Knowing that our q(0.99) is 3.37 ms, we’re currently “exceeding” our SLO of 5 ms at 99%. But, how close are we to the edge? A percentile grants no insight to this. The first sample slower than the 99th percentile sample could be 10 ms or (more likely) could be less than 5 ms; yet, we don’t know. Also, we don’t know what percentage of our consumers are suffering from “slow” performance.

Enter the power of histograms, given the whole histogram to work with, we can actually count the precise number of samples that exceeded our 5-ms contract. Although you can’t tell from the visualization alone, with the underlying data we can calculate that 99.4597% of the population is faster than 5 ms, leaving 0.5403% with unsatisfying service; 324 of our roughly 60,000 samples. Further, we can investigate the distribution and sprawl of those “outlier” samples. This is the power of going beyond averages, minimum, maximums, and even arbitrary percentiles. You cannot understand the true behavior of your systems and think intelligently about them without measuring how they behave. Histograms are perhaps the single most powerful tool in your arsenal.

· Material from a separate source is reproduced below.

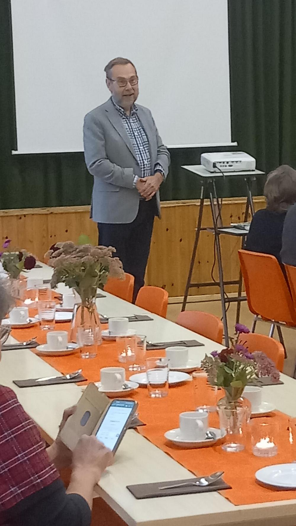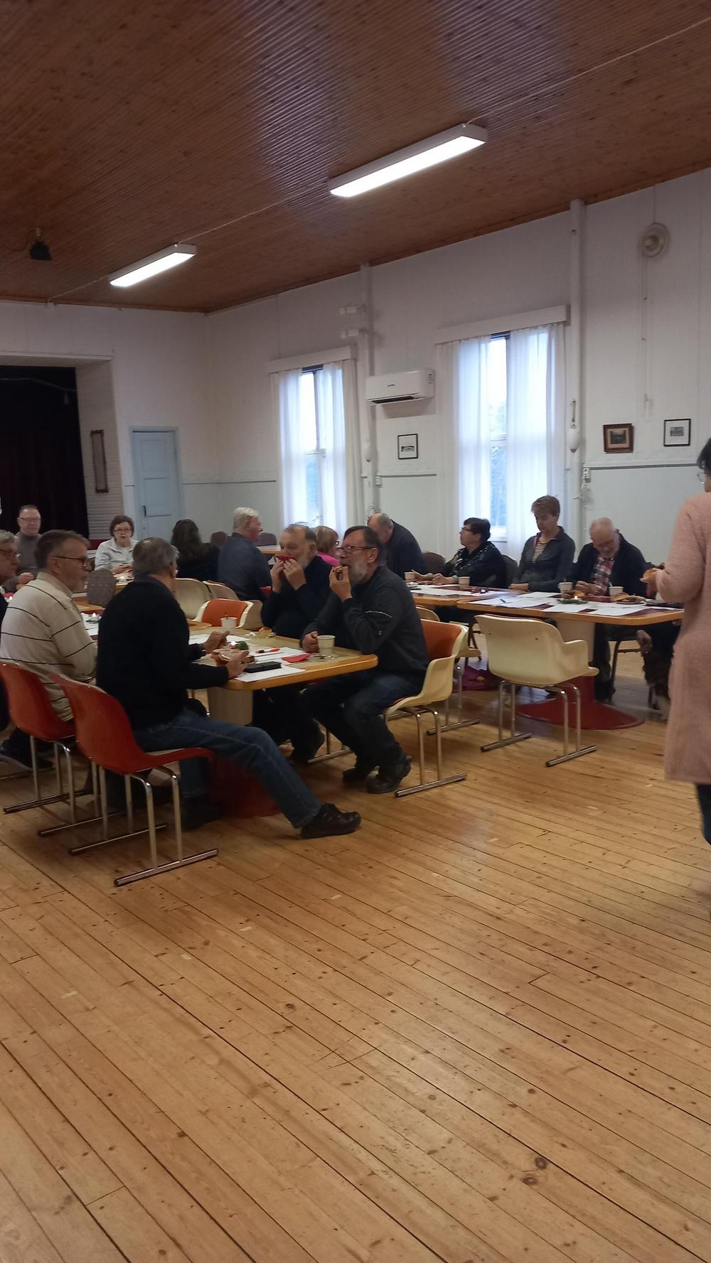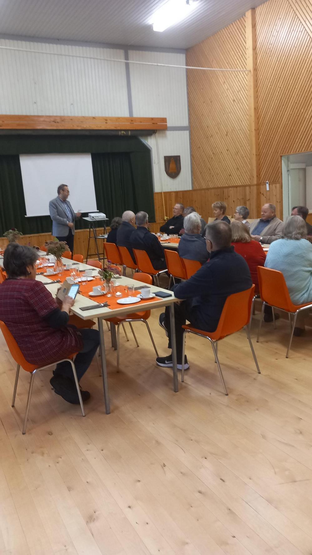 4.10.2023 Halkian työväentalolla keskiviikkokerho kokoontui hieman eri merkeissä kun vanhustenviikon kunniaksi meillä oli tarjolla lounas, väkeä oli 17 jäsentä ja 2 ulkopuolista, Tallinkin Peter Snellman ja Pornaisten kunnan vapaa-aikatoimen johtaja Timo Simonen, he kertoivat omasta toiminnasta.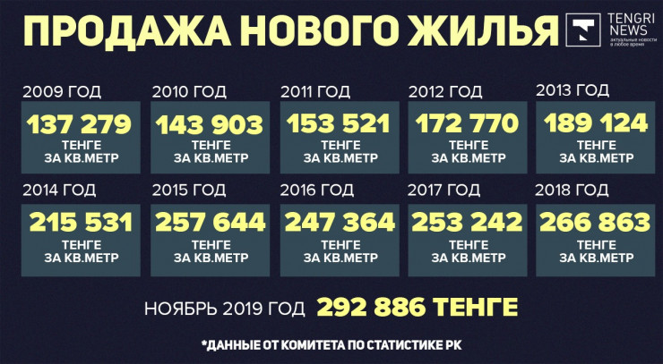 Предлагаем вспомнить, как менялись средние цены на жилье в новостройках с 2009 по 2019 годы. По данным Комитета по статистике МНЭ РК, средняя стоимость жилья на первичном рынке в 2009 году была 137 279 тенге, в ноябре 2019-го сумма достигла 292 886 тенге за квадратный метр.

Parting Thought: Looking at SLOs upside down

As an industry, we have arbitrarily selected both the percentile and the performance for which we set our SLOs. There should be more reason to it than that. If you are measuring at q(0.99), is that really because it is satisfactory that 1% of your consumers can receive a substandard experience? This is something to think about and debate within your team and organization as a whole.

It has also been standard to measure a specific quantile and construct the SLO around the latency at that specific quantile. Here is where I believe the industry might consider looking at this problem upside down. What is special about that 1% of consumers that they can receive worse than desirable performance? Would it be better if it were 0.5% or 0.1%? Of course it would. Now, what is special about your performance criteria? Is it the 5 ms in our data retrieval example (or perhaps 250 ms in a user experience example)? Would it be better if it were faster? The answer to this is not so obvious? Who would notice?

Given this, instead of establishing SLOs around the q(0.99) latency, we should be establishing SLOs around 5ms and analyze the inverse quantile: q–1(5 ms)? The output of this function is much more insightful. The first just tells us how slow the 99th percentile is, the latter indicates what percentage of the population is meeting or exceeding our performance target.

Ultimately, SLOs should align with how you and your potential consumers would expect the service to behave. SLOs are simply the precise way you and your team can articulate these expectations. Make SLOs match you, your services, and your customers; another organization’s SLOs likely make no sense at all for you.

Another advantage of SLOs is that by exceeding your SLOs they quantitatively play into your budgets for taking risk. When you’re close to violating an SLO, you turn the risk dial down; if you have a lot of headroom, turn the risk dial up and move faster or innovate!